I have the following dataframe
{'state': {7192: 'healthy',
7193: 'healthy',
7194: 'healthy',
7195: 'Non healthy',
7196: 'Non healthy'},
'type': {7192: 'W', 7193: 'A', 7194: 'W', 7195: 'W', 7196: 'A'}}
I would like to have the joint probability associated with this df.
P(State = healthy, type = A), P(State = healthy, type = W) P(State = Non healthy, type = A), P(State = Non healthy, type = W)
I tried with the groupby method but it didn't work. What is the most efficient way to do it.
EDIT : To clarify a little bit I want to count the occurrence of every couple (State, Type). In the example above this should be P(State = healthy, type = A) = 1/5 , P(State = healthy, type = W) = 2/5 P(State = Non healthy, type = A) = 1/5, P(State = Non healthy, type = W) = 1/5
Thank you,
Seems like you can use DataFrame.value_counts(normalize=True)
to achieve what you want. Note that DataFrame.value_counts
is new to pandas
>= 1.1.0. If you're using an older version you can achieve the same result with a different method.

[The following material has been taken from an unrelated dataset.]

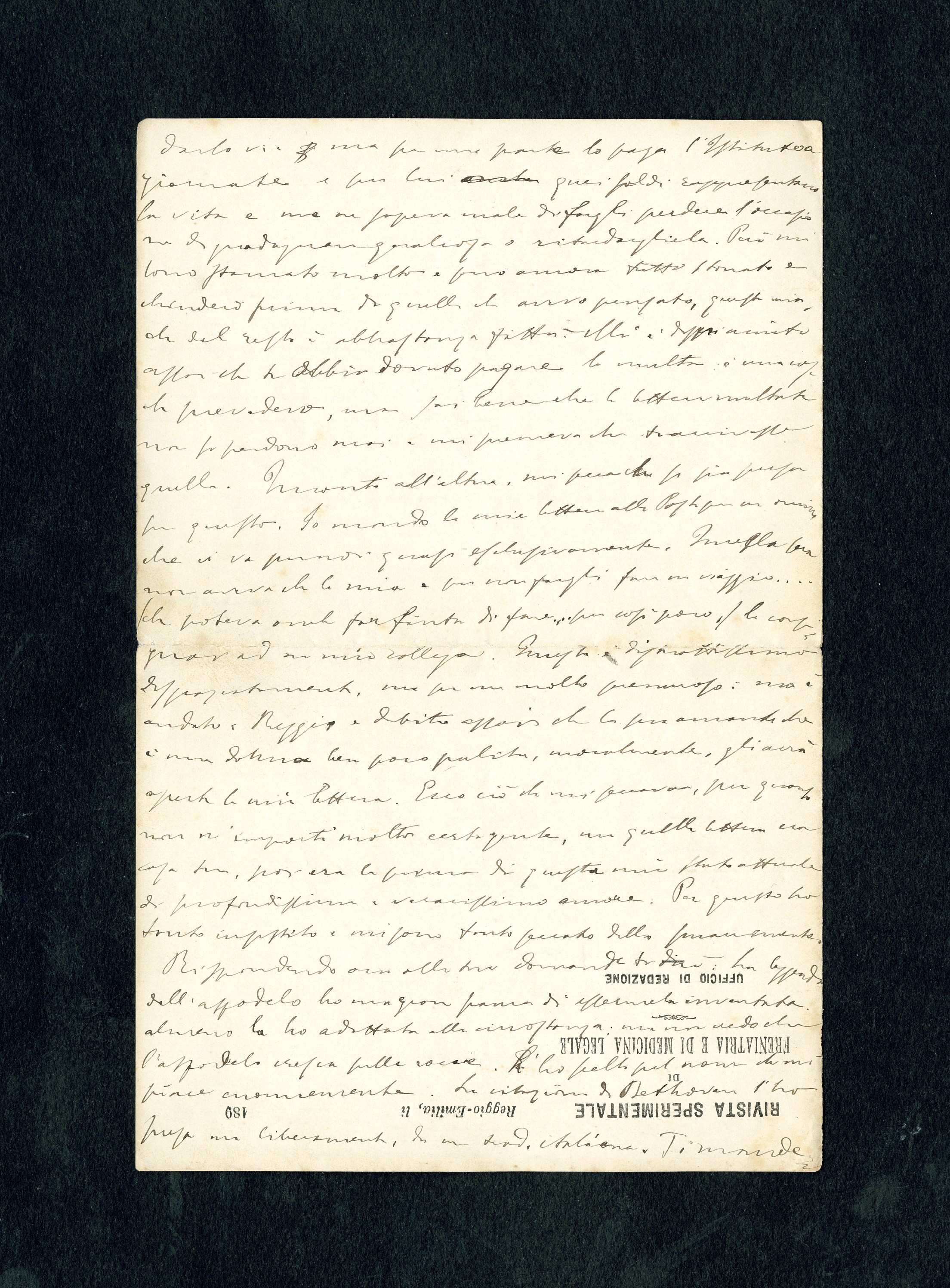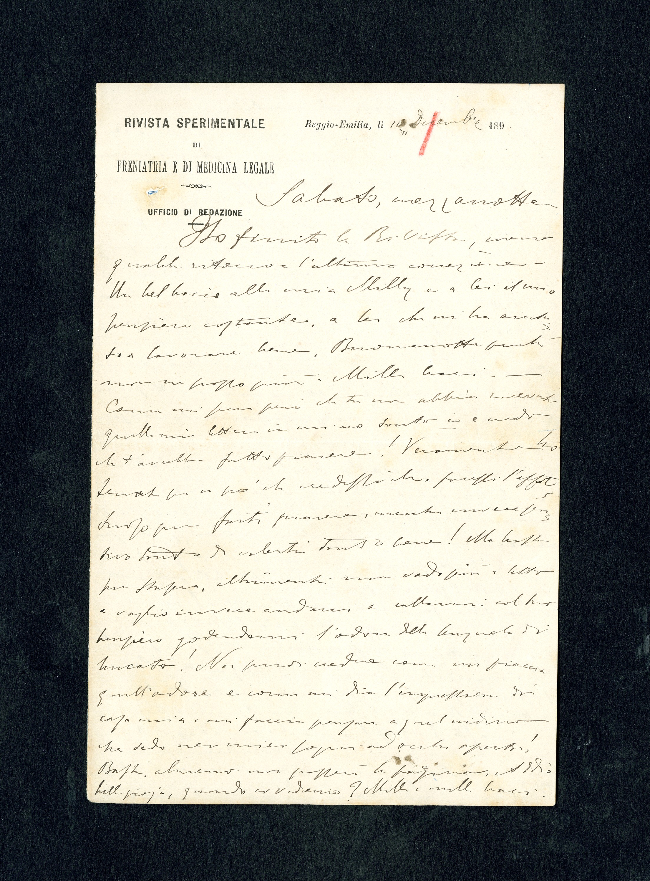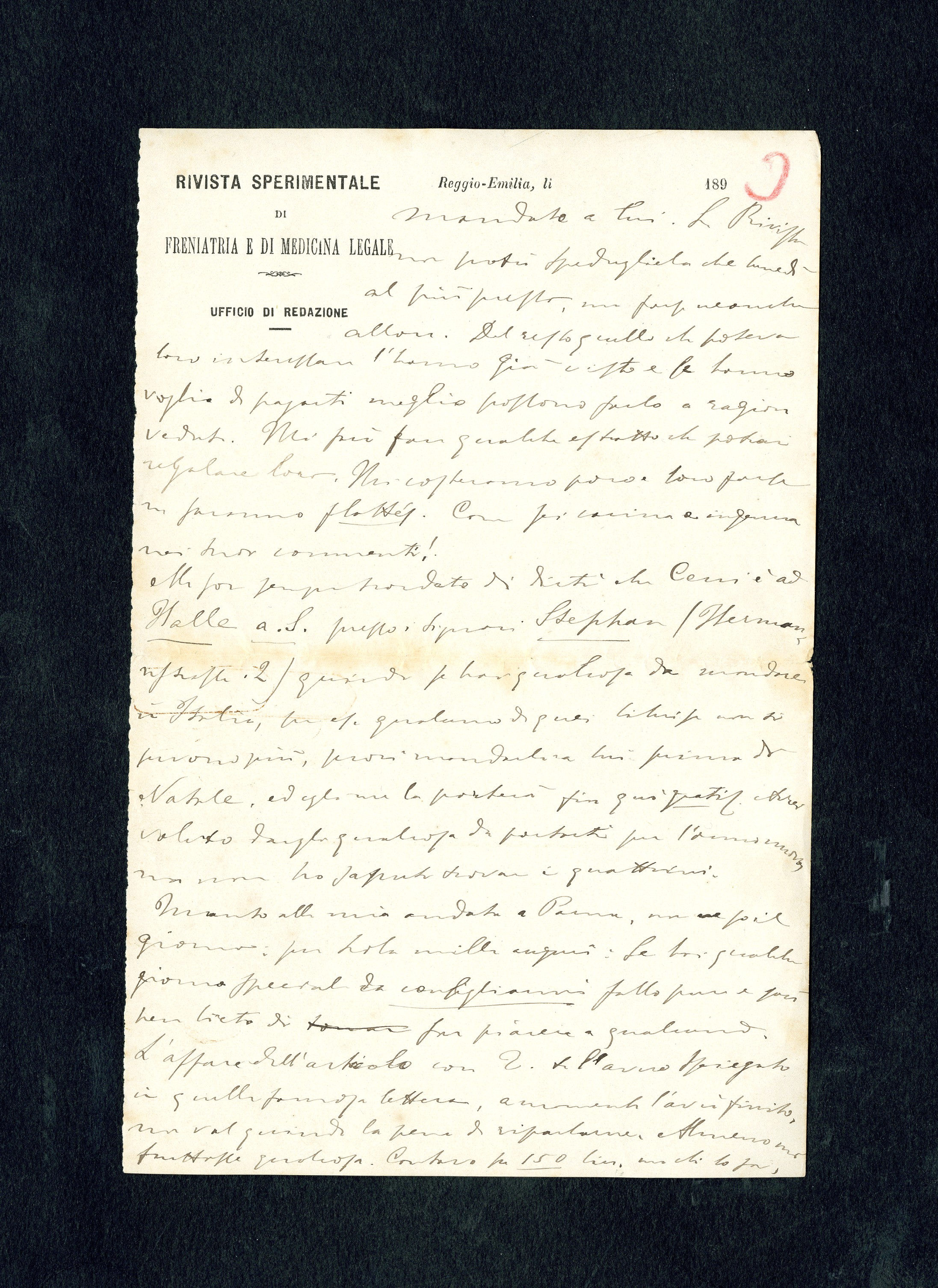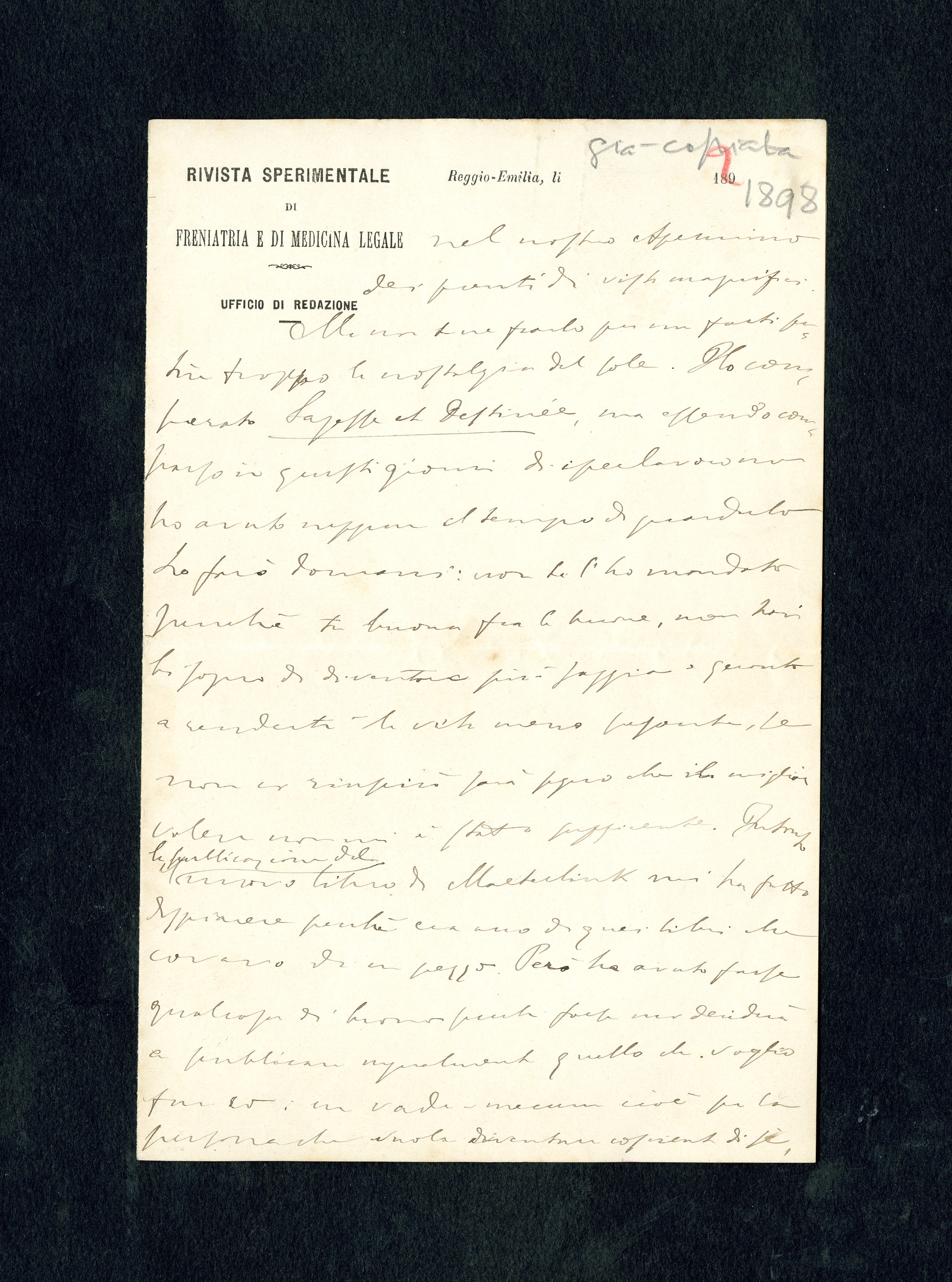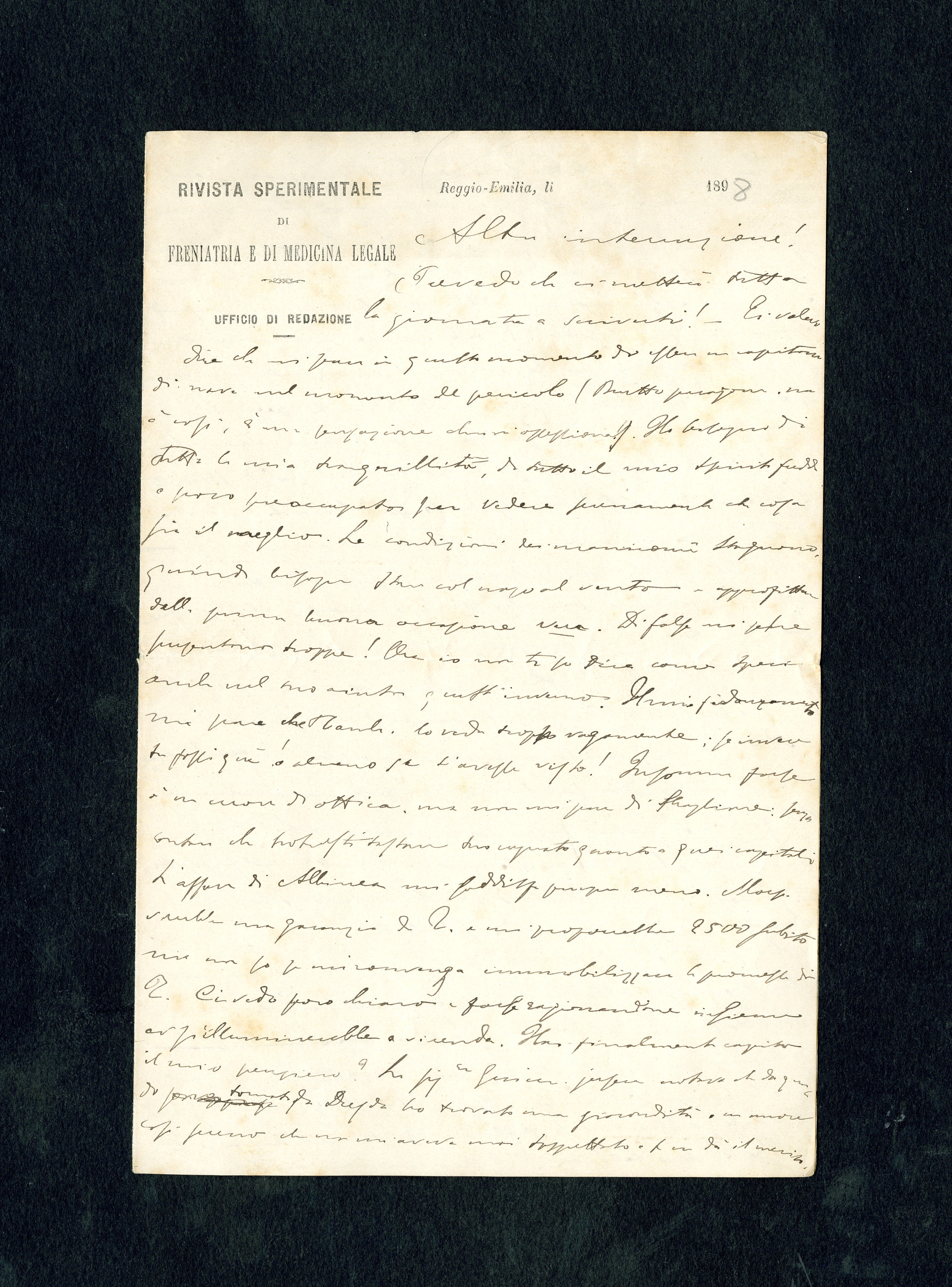 Carta intestata: "Rivista sperimentale / di / freniatria e di medicina legale / ufficio di redazione; Frenocomio / di / Reggio nell’Emilia / Direzione medica."

First transform your dictionary to a pd.DataFrame
:
df = pd.DataFrame(data)
Pandas version >= 1.1.0
probs = df.value_counts(["state", "type"], normalize=True)
print(probs)
healthy W 0.4
A 0.2
Non healthy W 0.2
A 0.2
# Select individual probabilitiy:
healthy_a_prob = probs[("healthy", "A")]
print(healthy_a_prob)
0.2
If your pandas is older than 1.1.0 replace the first line in the above example with:
probs = df.groupby("state")["type"].value_counts() / len(df)
# rest is the exact same
If you want a cross-tabulated probability table, I would recommend using pd.crosstab
with normalize=True
:
crosstab_ptable = pd.crosstab(df["state"], df["type"], normalize=True)
print(crosstab_ptable)
type A W
state
Non healthy 0.2 0.2
healthy 0.2 0.4
If you're interested in marginal probabilities as well, you can use the margins
argument:
crosstab_ptable = pd.crosstab(df["state"], df["type"], margins=True, normalize=True)
print(crosstab_ptable)
type A W All
state
Non healthy 0.2 0.2 0.4
healthy 0.2 0.4 0.6
All 0.4 0.6 1.0